The Continuing French Intifada

Tuesday, October 31, 2006

Via RealClear Politics is a very good article by Fred Siegel on a subject I have intended to blog for awhile, but never got to for one reason or another: The ongoing French Intifada, which exploded to prominence last year in the form of a nationwide rash of arson and violence on the outskirts of the major cities of France.

For the moment, the French are breathing a sigh of relief, as the anniversary of last year's three weeks of rioting by Muslim youth passed with much fanfare but no widespread disturbances.

...

The 2005 Ramadan Riots, which saw some 10,000 cars torched and 300 buildings firebombed, have been followed by a yearlong, lower-grade rolling riot - what some in the French police are calling a "permanent intifada." Nationwide, this works out to 15 attacks a day on police and firefighters, and 100 cars set ablaze nightly. And for the first time, the police are being subject to well-planned ambushes.

So when the Oct. 27 anniversary of last year's violence was met with "only" 277 torched cars, the Interior Ministry declared it "relatively calm."

But the trends are not good. While last year's violence was disorganized (rioters armed only with bricks, crowbars and Molotov cocktails) and largely confined to heavily immigrant Muslim and African neighborhoods, this past week saw a half-dozen well-organized attacks on public buses in non-immigrant neighborhoods by "youths" armed with guns. In some cases, they ordered passengers out at gunpoint, then firebombed the bus. In others, they've tossed Molotov cocktails into buses with the passengers still aboard.[bold added]
Remind me to stay the hell out of France!

If this state of affairs comes as a surprise, perhaps the role of the left -- which is dominant in France -- in fostering it will make it less so.
The Fifth Republic's foreign policy, which sees the Arab world as a counter-balance to U.S. and Israeli power, has unintentionally legitimated some of the violence. French television, its perspective an extension of the nation's ruling elites, has tried to incorporate young Muslims by depicting the conflicts in the Middle East largely from a Franco-Muslim perspective. On many nights, the TV news glorified the intifada against Israel. In the "al Dura affair," French TV went so far as to fabricate images of a Palestinian boy supposedly killed by Israelis.

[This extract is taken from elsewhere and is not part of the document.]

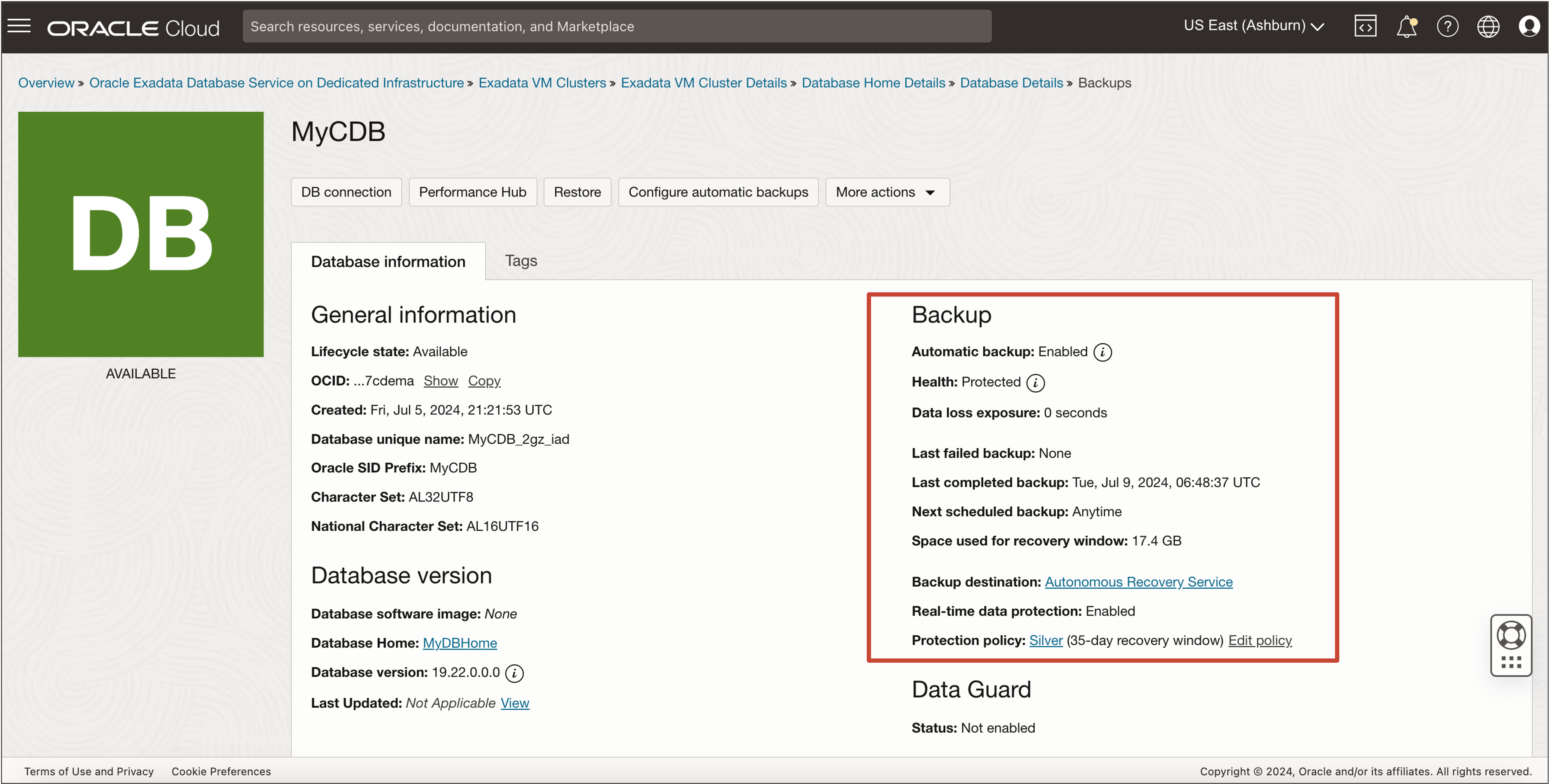Na página Detalhes do banco de dados, exiba os detalhes do backup na seção Backup.

The Muslim underclass, not surprisingly, identified with the "youths" attacking Israelis and sees in their own violence a heroic extension of the battle against the enemies of Islam.

...

But the old Socialist opposition - which had already managed to finish third in the 2002 presidential elections, behind the fascist Jean Le Pen - have been unable to capitalize on the nation's troubles. The Socialists, who largely represent government bureaucrats and professionals, are as cut off from popular sentiment as Chirac. They are, explains American expatriate writer Denis Boyles, so ardent in their courtship of the Muslim vote as to be literally tongue-tied when it comes to the violence. [bold added]
So one set of leftists glorified Moslem violence abroad and another set can't bring itself to condemn the violence at home even if doing so would make it more popular with the French electorate! This reminds me of nothing more than liberal criminal-coddling here in the United States. Leftist milquetoasts will deliver a litany of reasons why anything but the criminal is to blame (if his efforts aren't admired outright as a blow against an evil system) and at the same time work to defang the criminal justice system and disarm law-abiding citizens.

Believe it or not, the article ends on a hopeful note. Interior Minister (and political enemy of Jacques Chirac) Nicholas Sarkozy, who has achieved some success at curtailing the violence, stands to gain politically as a result. The man professes an admiration of Rudy Giuliani and of America. France needs a leader like this, and America could use such an ally. But is France already too far-gone for one man to make a difference? I hope not.

-- CAV

2 comments:

Myrhaf said...

It's fascinating how the French Intifada is a bellweather issue. If you think it is important, you are right-wing; if you are bored by it, you are left-wing.

Gus Van Horn said...

Hell, if you even call it what it is, you're "right wing".